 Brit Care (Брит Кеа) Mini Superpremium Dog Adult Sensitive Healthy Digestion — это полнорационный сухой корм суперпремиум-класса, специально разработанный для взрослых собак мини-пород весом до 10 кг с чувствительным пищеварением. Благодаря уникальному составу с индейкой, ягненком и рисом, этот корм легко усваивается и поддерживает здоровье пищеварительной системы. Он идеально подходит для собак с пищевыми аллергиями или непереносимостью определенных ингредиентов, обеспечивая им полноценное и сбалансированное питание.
---
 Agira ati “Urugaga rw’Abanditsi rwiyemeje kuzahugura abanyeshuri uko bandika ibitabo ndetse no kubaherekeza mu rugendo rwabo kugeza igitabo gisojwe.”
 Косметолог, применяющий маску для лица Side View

- _Task item_:
Print exactly the lines above from the one with "rw’Abanditsi rwiyemeje kuzahugura" to the one with "Косметолог, применяющий маску", including both.

- _Result below_:
 Agira ati “Urugaga rw’Abanditsi rwiyemeje kuzahugura abanyeshuri uko bandika ibitabo ndetse no kubaherekeza mu rugendo rwabo kugeza igitabo gisojwe.”
 Косметолог, применяющий маску для лица Side View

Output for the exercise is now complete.